**Work required**.
Repeat the records below exactly from the line containing "前回から唐草模様を求め、最も" to the line containing "Thương binh Mỹ", taking in both of those lines. Drop the pictures.

**Provided data**.
######
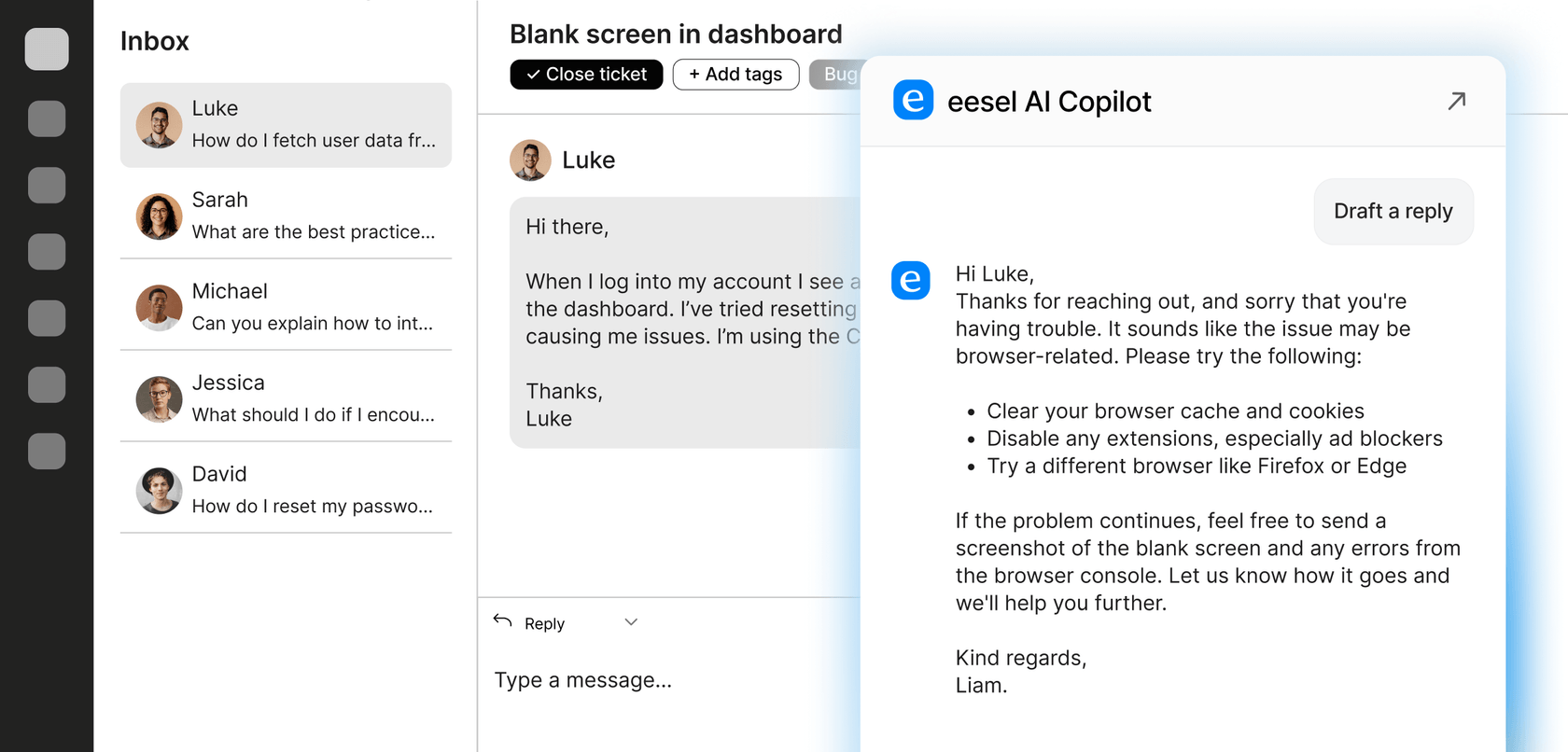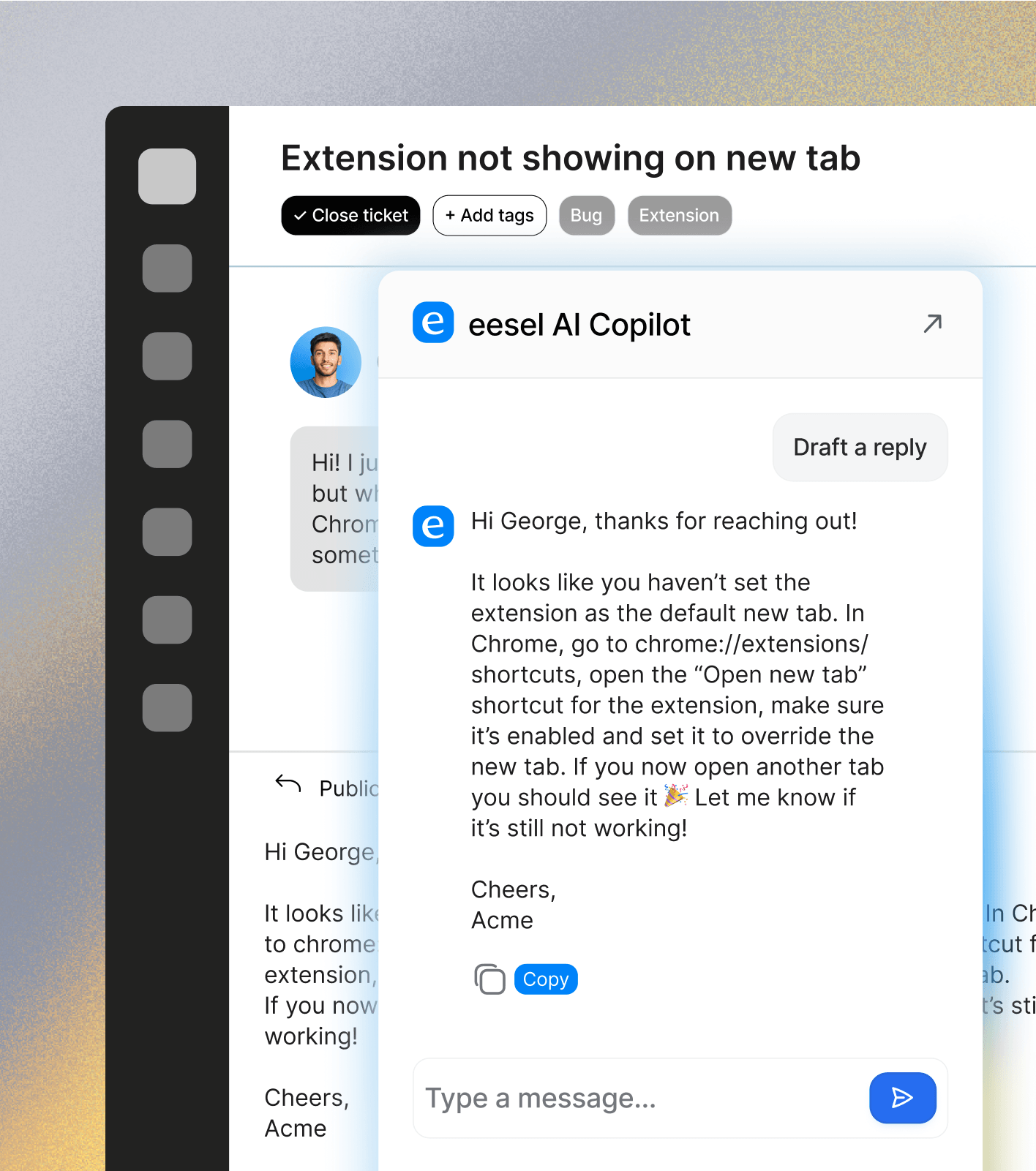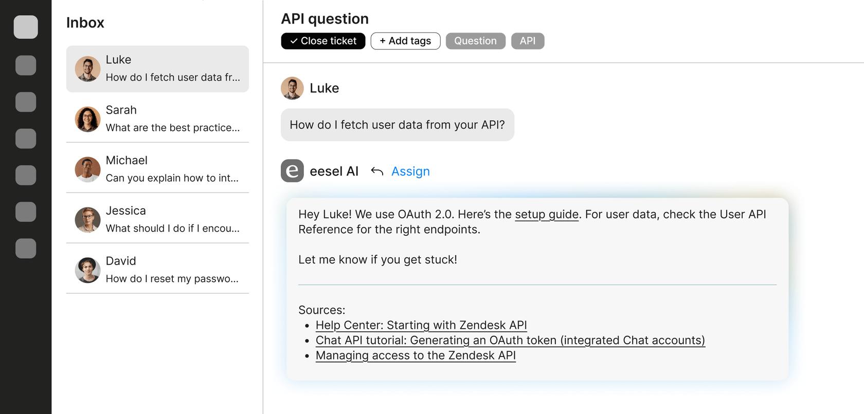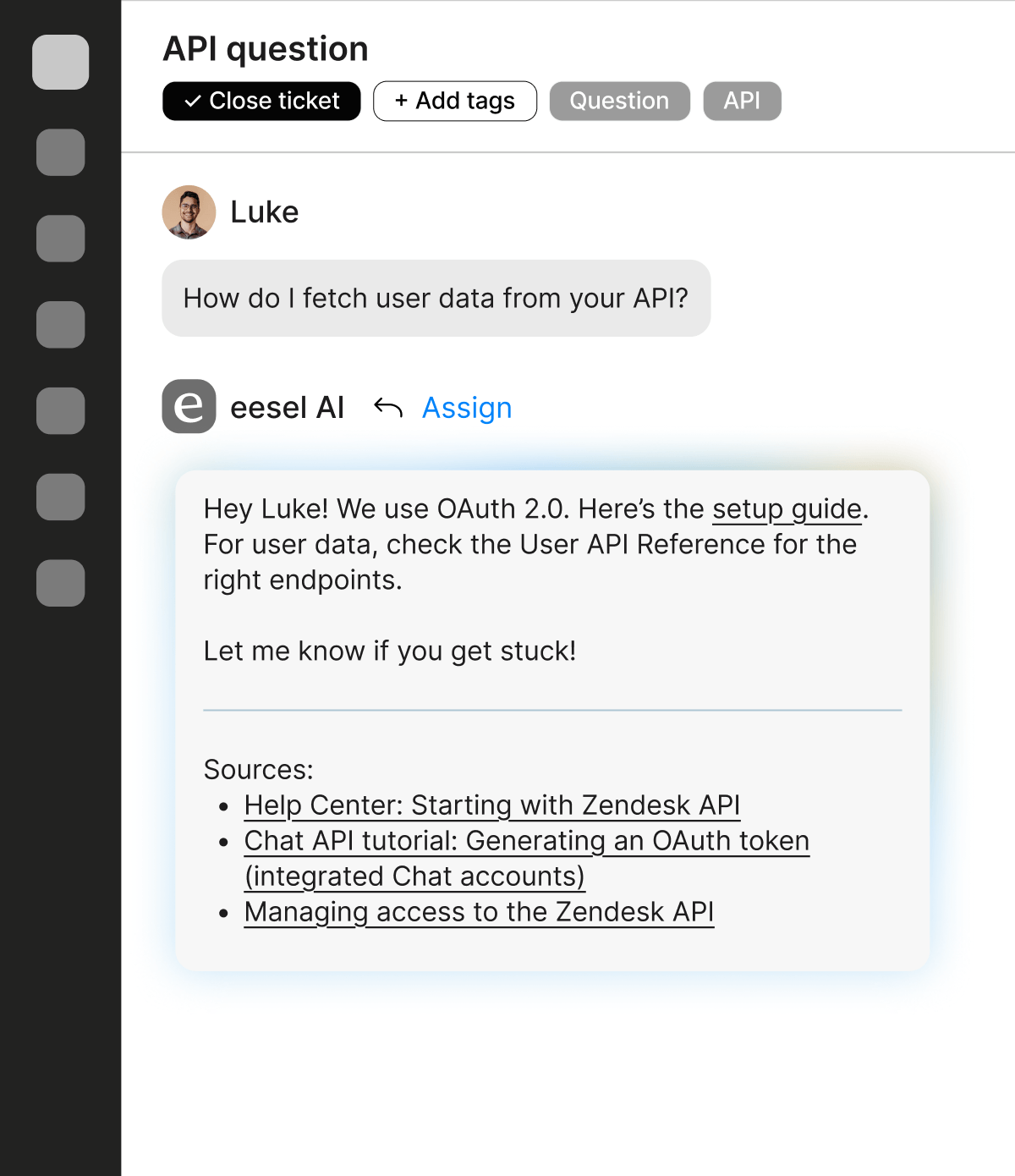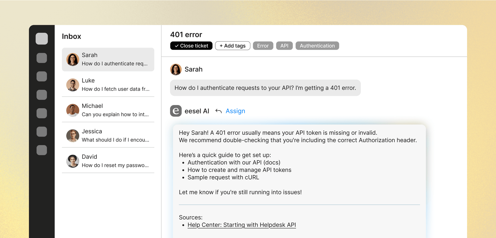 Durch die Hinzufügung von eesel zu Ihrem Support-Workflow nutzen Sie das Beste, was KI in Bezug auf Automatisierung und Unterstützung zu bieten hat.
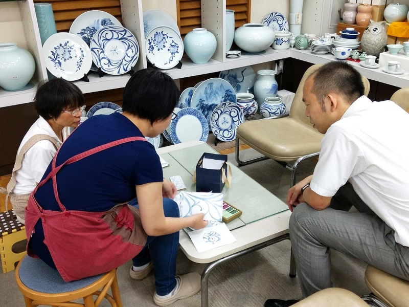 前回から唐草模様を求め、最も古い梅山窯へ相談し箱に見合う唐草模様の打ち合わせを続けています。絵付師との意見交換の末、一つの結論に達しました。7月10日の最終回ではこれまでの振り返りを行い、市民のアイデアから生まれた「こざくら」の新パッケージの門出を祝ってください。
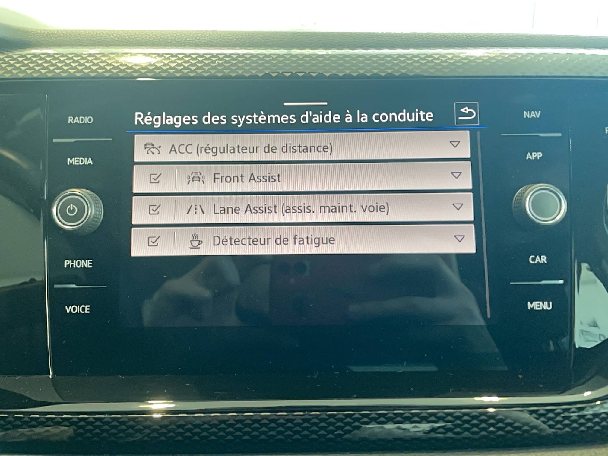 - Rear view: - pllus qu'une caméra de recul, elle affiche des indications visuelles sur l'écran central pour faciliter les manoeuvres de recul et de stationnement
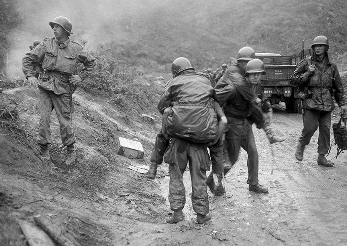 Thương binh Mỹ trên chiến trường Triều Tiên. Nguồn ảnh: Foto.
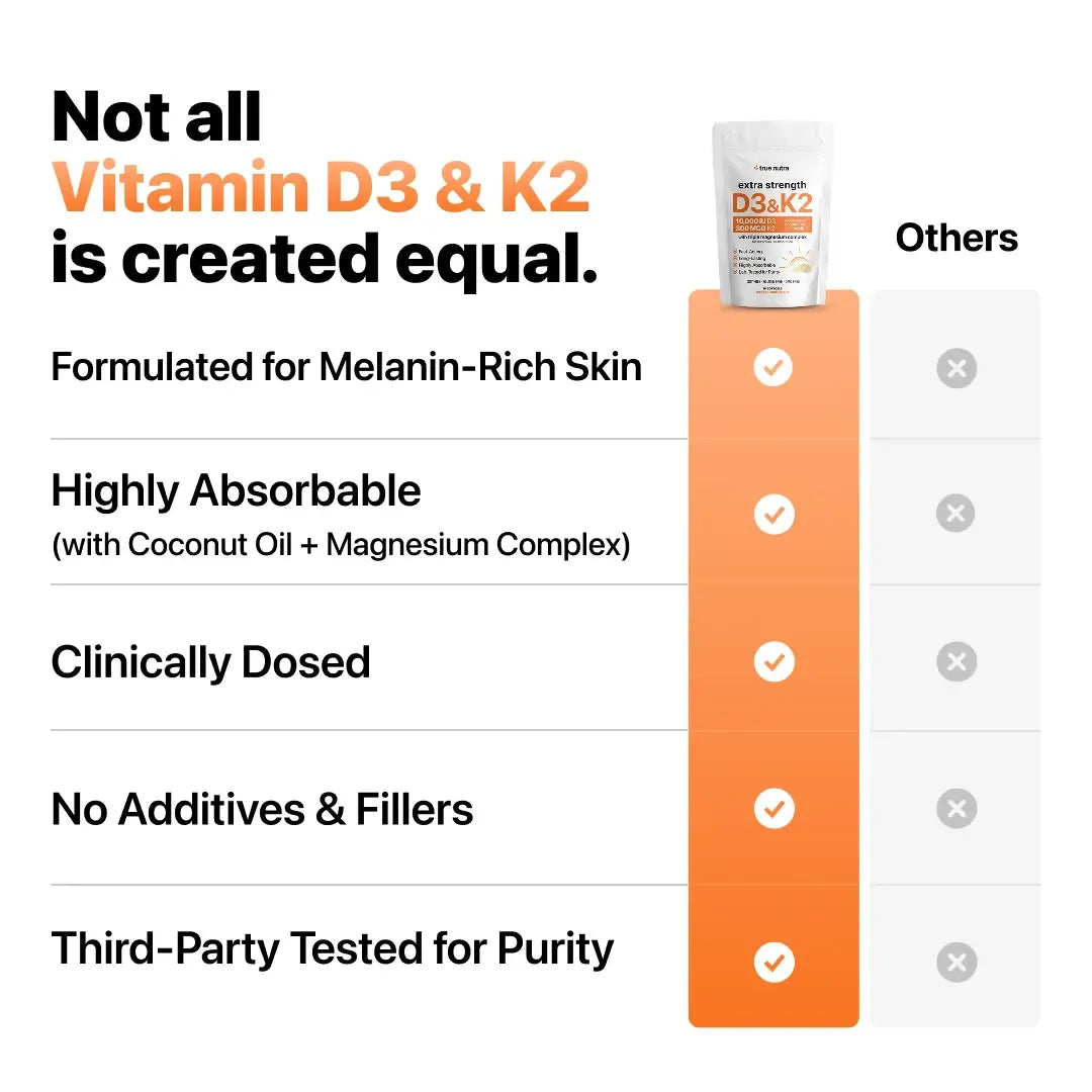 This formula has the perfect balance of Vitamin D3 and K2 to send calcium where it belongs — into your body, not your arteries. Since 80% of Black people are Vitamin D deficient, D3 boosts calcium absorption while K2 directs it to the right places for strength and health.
######
**Response below**.
 前回から唐草模様を求め、最も古い梅山窯へ相談し箱に見合う唐草模様の打ち合わせを続けています。絵付師との意見交換の末、一つの結論に達しました。7月10日の最終回ではこれまでの振り返りを行い、市民のアイデアから生まれた「こざくら」の新パッケージの門出を祝ってください。
 - Rear view: - pllus qu'une caméra de recul, elle affiche des indications visuelles sur l'écran central pour faciliter les manoeuvres de recul et de stationnement
 Thương binh Mỹ trên chiến trường Triều Tiên. Nguồn ảnh: Foto.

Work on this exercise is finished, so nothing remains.